Transportation Engineering

Transportation Engineering

Nikiforos Stamatiadis

NIKIFOROS STAMATIADIS
Raymond-Blythe Professor of Civil Engineering,
University of Kentucky, Lexington

2020–2021 Fulbright U.S. Scholar Program to Greece.  Host: University of Thessaly, Volos, Department of Civil Engineering


Transportation engineering is the aspect of civil engineering dealing with the planning, design, operation, and management of the transportation infrastructure. Transportation engineers provide facilities that allow the movement of persons and goods in a safe, rapid, convenient, economical, and environmentally sound way. The movement of people and goods for financial, social, or other reasons between centers of activities (cities, suburbs, ports, warehouses, etc) is accomplished with a variety of modes. Therefore, a transportation engineer should not only be capable of designing a transportation system that could accommodate a specific mode, but also understand and possibly predict the financial and social ramifications of the system. This aspect of transportation underscores the difficulty of transportation engineering as well as its links with other fields of engineering and science. In fact, transportation engineering is considered a multi-disciplinary area of study, and it draws on concepts from a variety of scientific areas: engineering, social sciences, economics, mathematics, and physics.

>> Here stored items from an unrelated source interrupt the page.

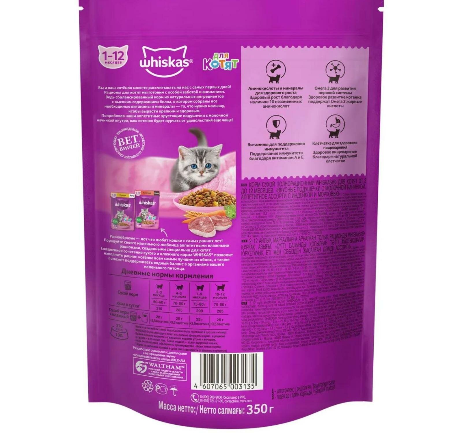 СохранитьСухой корм Whiskas для котят молочные подушечки индейка и морковь 350г интересное:
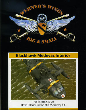 Werner's Wings latest resin conversion set is to provide builders with the ability to take the current MRC/Academy 1/35 Blackhawk helicopter and convert it into a medivac bird. This set includes all the bits you'll need to do the conversion and make your next big Blackhawk a real show-stopper as the medivac interior is quite different from the standard troop hauler.
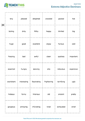 In this fun adjectives game, students play dominoes by matching adjectives with their stronger equivalents. This activity helps students learn to recognize adjectives that have a similar but stronger meaning, e.g. angry and furious, cold and freezing, etc. The first player puts down one of their dominoes on either side of the domino on the table, making sure that one of the adjectives on their domino matches with one of its stronger or weaker equivalents. The next player then puts down an adjective at either end of the domino chain and so on. The first player to get rid of all their dominoes wins the game.
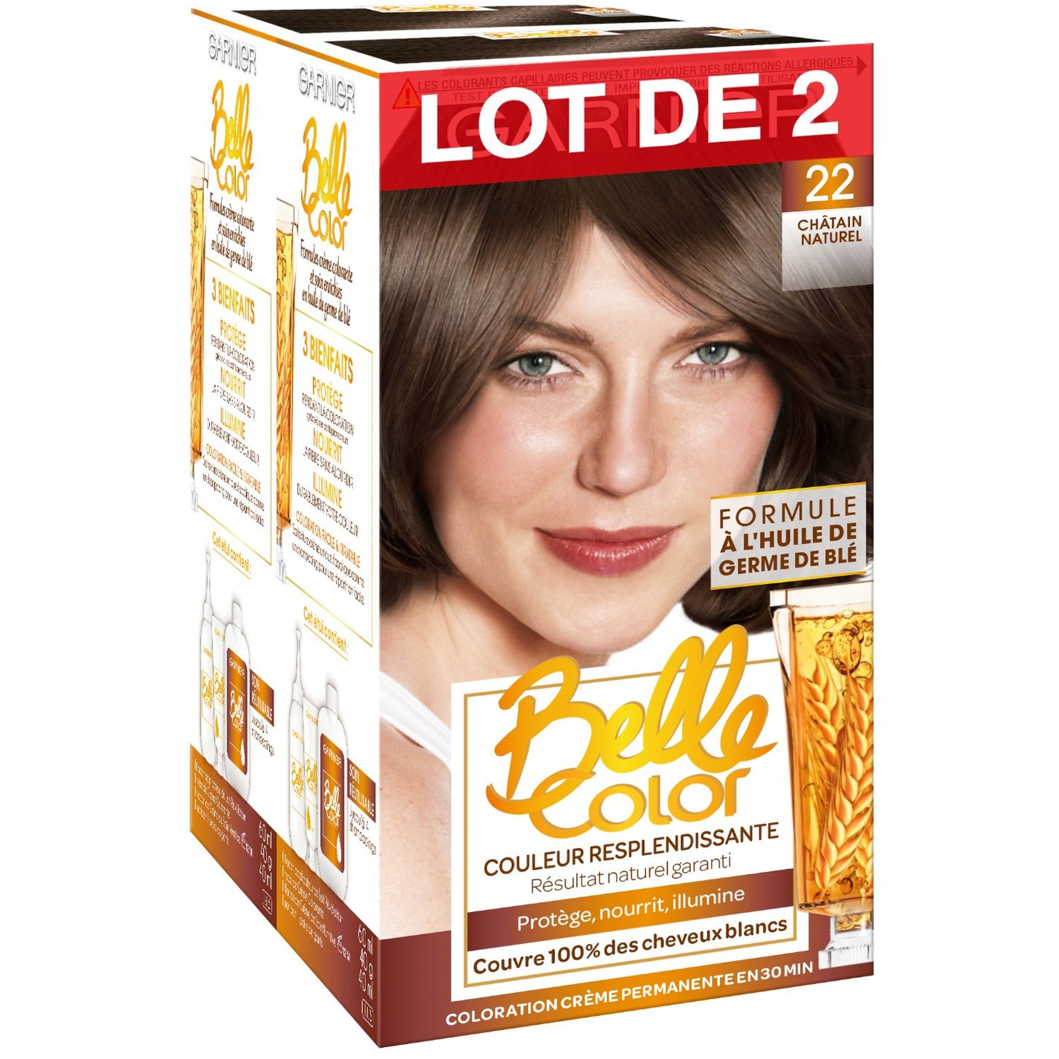 Grâce à ses colorants nuanceurs, Garnier Belle Color respecte les contrastes et le relief propre à une couleur naturelle pour un résultat harmonieux et une couleur lumineuse tout en nuances. Elle couvre 100% des cheveux blancs. Subtile, tout en reflets et sans effet casque, la couleur est si naturelle que l’on pourrait croire que c’est votre couleur d’origine.
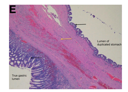 令人驚訝的是,胃大部切除標(biāo)本(圖D)檢查發(fā)現(xiàn)在疑似腫瘤的胃壁區(qū)域內(nèi)有扁平囊。這一扁平囊可以拉伸到9×8×4.5cm。胃囊與真實(shí)胃腔之間有一處共同的壁。通過(guò)此壁的組織學(xué)切片(圖E)顯示了分隔壁兩側(cè)的平滑肌細(xì)胞層和胃黏膜。這排除了GIST,證實(shí)胃重復(fù)畸形的診斷(GDC)。胃重復(fù)畸形是一種罕見(jiàn)的先天性異常,僅占胃腸道所有重復(fù)囊腫的4%至9%。大多數(shù)病例報(bào)告發(fā)生在兒童中且位于胃大彎處。GDC有以下3個(gè)特點(diǎn):(1)囊腫的壁與胃壁相連,(2)囊腫由平滑肌包圍,通過(guò)肌肉與胃壁相連,(3)囊壁排列有胃上皮或其它類型的胃黏膜。

Transportation engineers are educated as civil engineers, and they typically specialize as such by concentrating their studies in courses focusing on highway design, traffic operations, highway safety, railroad design, airport operations and design, transportation planning, and other such courses, depending on the program offered. Postgraduate students typically specialize in one of these areas and become more familiar with one or more of these areas, gaining a deeper understanding of the topic.

Transportation engineering is a diverse career field, and typical employers include government agencies, consultant firms, airlines, railroads, trucking companies, etc. A sample of responsibilities include estimating the traffic impacts of new developments; designing highways and improvement projects; studying safety trends and identifying areas of safety improvements; developing solutions to transportation problems for efficient movement of vehicles, pedestrians, and bicyclists; and making policy recommendations.